Dans le champ organisationnel, ce concept ne soulève pas, selon P. Roussel (1996), de problème d’interprétation et les études de Locke (1969, 1976) sur ce thème servent de référence. Pour sa part, Locke (1976, p. 1300) voit dans la  satisfaction « un état émotionnel positif ou plaisant résultant de l’évaluation faite par une personne de son travail ou de ses expériences de travail ». Il s’agit donc d’une réponse affective, émotionnelle de la personne face à son emploi.

Cet état émotionnel résulte de :

‘[…] l’évaluation faite par une personne de son travail comme répondant ou permettant de répondre à ses valeurs importantes vis-à-vis du travail, à condition que ces valeurs soient convergentes avec ou aident à satisfaire ses propres besoins de base. Ces besoins sont deux types différents mais interdépendants : les besoins matériels ou physiques et les besoins psychologiques, en particulier le besoin de développement. Le développement est rendu possible surtout par la nature du travail en lui-même » (Locke, 1976, p. 1319).’

P. Roussel retient de cette dernière formulation que la satisfaction résulte de l’adéquation entre les perceptions que la personne a des différents aspects de son emploi et les perceptions qu’elle a quant à ce que devraient être ces différentes facettes du travail, c’est-à-dire que la satisfaction dépend du niveau de divergence entre ce que la personne désire et ce qu’elle retire.

Locke (1976, p. 1301) ajoute :

‘[…] un emploi n’est pas une entité mais une interconnexion de tâches, de rôles, de responsabilités, d’interactions, de motivations, et de récompenses. Ainsi, une connaissance approfondie des attitudes au travail exige que l’emploi soit analysé en fonction des éléments qui le constituent. ’

Par conséquent, l’individu peut éprouver des sentiments différents en fonction des multiples aspects de l’emploi. C’est dans cette optique que les recherches menées sur la satisfaction tentent de cerner l’ensemble des aspects de l’emploi par rapport auxquels l’individu éprouve des sentiments affectifs distincts.

Roustang (1977) assimilant qualité de la vie de travail et satisfaction au travail, définit ce concept comme un rapport entre ce que l’on attend et ce que l’on obtient, comme un bilan d’ensemble.
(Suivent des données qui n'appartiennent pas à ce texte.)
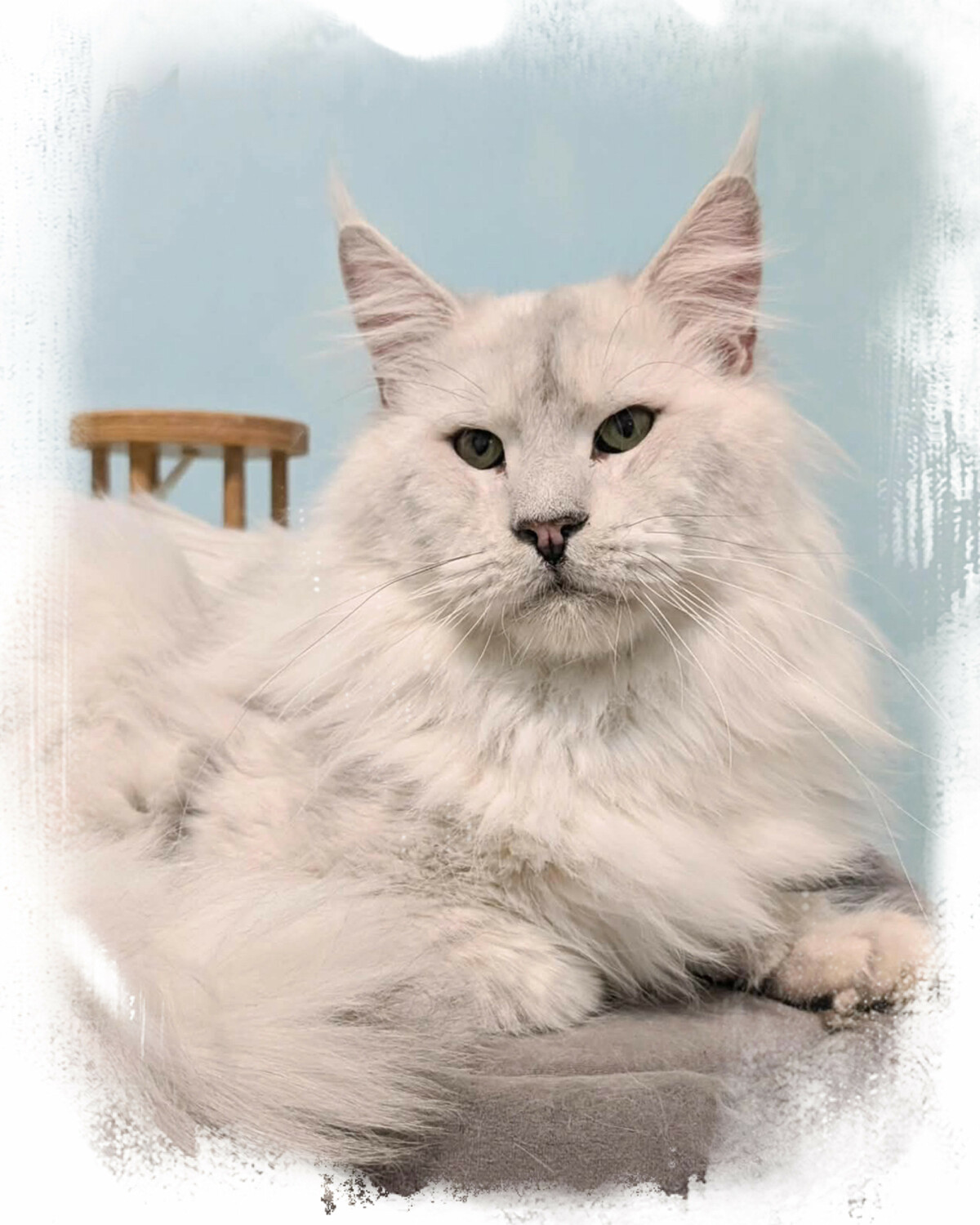She inherited bright green eyes from her dad, also a super coat with wonderful silver and she is in the pedigree of most of the girls of our breeding.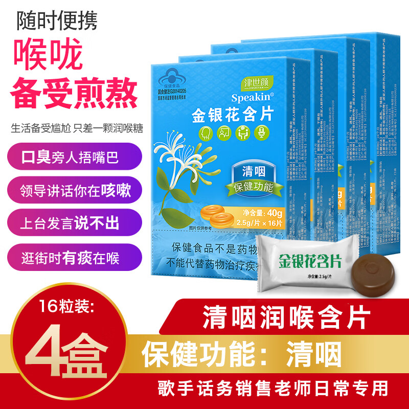 津世颜 金银花 胖大海喉糖歌手话务销售老师专用清咽喉 金银花润喉糖16片x4盒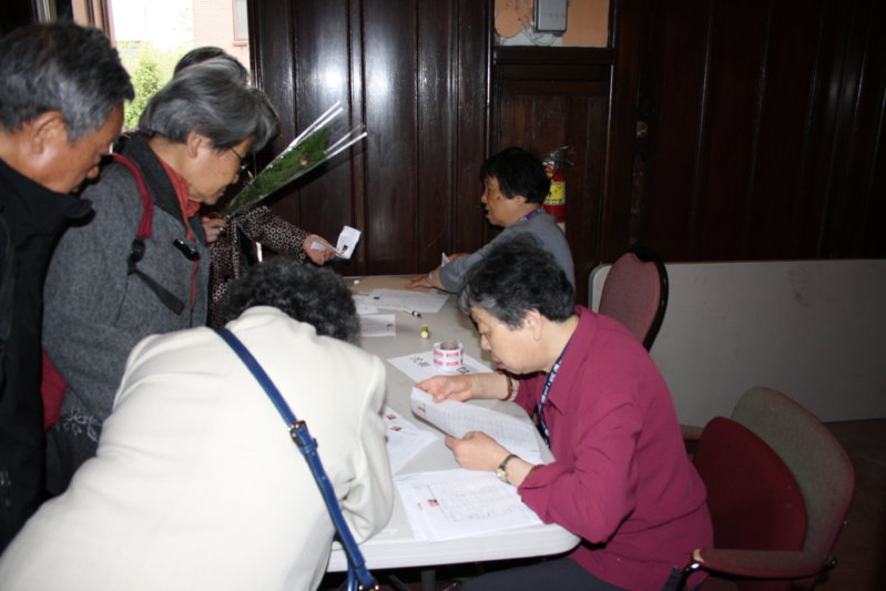 2014.5.14.上午渥太华华人社区服务中心假加华文化中心剧场,召开“老有所依”之“母亲节”茶话会,邀请60岁以上老人参加,原设想开一个50至80人的茶话会,没想到报名人数倍增,达到195人,气氛热烈。入口签到处,华人社区服务中心献给每位母亲鲜花一束。会场里,挂着“母亲节快乐!”横幅,主席台两边摆着两篮鲜花,朋友们握手言欢,呈现一派洋洋喜气!

Selon lui, pour savoir si les gens sont satisfaits de leur travail, le mieux est donc de leur poser une question globale du type : « tout compte fait, êtes-vous satisfaits de votre travail ? ».

Dans le même ordre d’idée, Weiss (1980, in R. Francès, 1981) et Saleh (1981) considèrent globalement la satisfaction au travail comme un état affectif résultant de la concordance entre ce que l’individu s’attend à recevoir de son travail et l’évaluation de ce qu’il reçoit effectivement. Ce qu’une personne s’attend à recevoir de son travail peut être traduit en termes divers : rémunérations, chances réelles de promotion, contenu et autonomie de la tâche à accomplir, relation de travail avec ses pairs, ses supérieurs et ses subordonnés, etc.

Robert Francès (1981) précise que le concept de satisfaction a été défini, de manière plus large, il y a quelques années, et de manière plus restreinte, de nos jours. Ainsi, Viteles (1953, cité par Francès, op. cit.) sous le vocable « moral » parle d’une « attitude de satisfaction de l’homme au travail avec le désir de poursuivre son emploi (au sens du « job »), la volonté de lutter à l’intérieur de l’organisation pour atteindre les buts de celle-ci.

Cette notion est de plus en plus perçue, aujourd’hui, par certains auteurs tels que J. A. Boussougou-Moussavou (1999) comme une réalité socioculturelle. En effet, les facteurs de satisfaction, liés à la façon de considérer le travail, varient selon les contextes sociaux et culturels et selon le système du travail et celui de la vie sociale. D’après cet auteur :

‘[…] c’est un phénomène subjectif renvoyant aux réactions émotionnelles qui interviennent dans un ensemble de situations. Sa variabilité, dans le temps et dans l’espace, dépend de l’histoire collective et individuelle, de la culture et des valeurs intériorisées. (p. 84)’

En définitive, la satisfaction est une évaluation, donc un jugement, émis sur des objets ou situations. Ce degré de contentement ou mécontentement plus ou moins prononcé dépendrait donc de la comparaison entre le niveau des attentes et de l’expérience vécue par le sujet.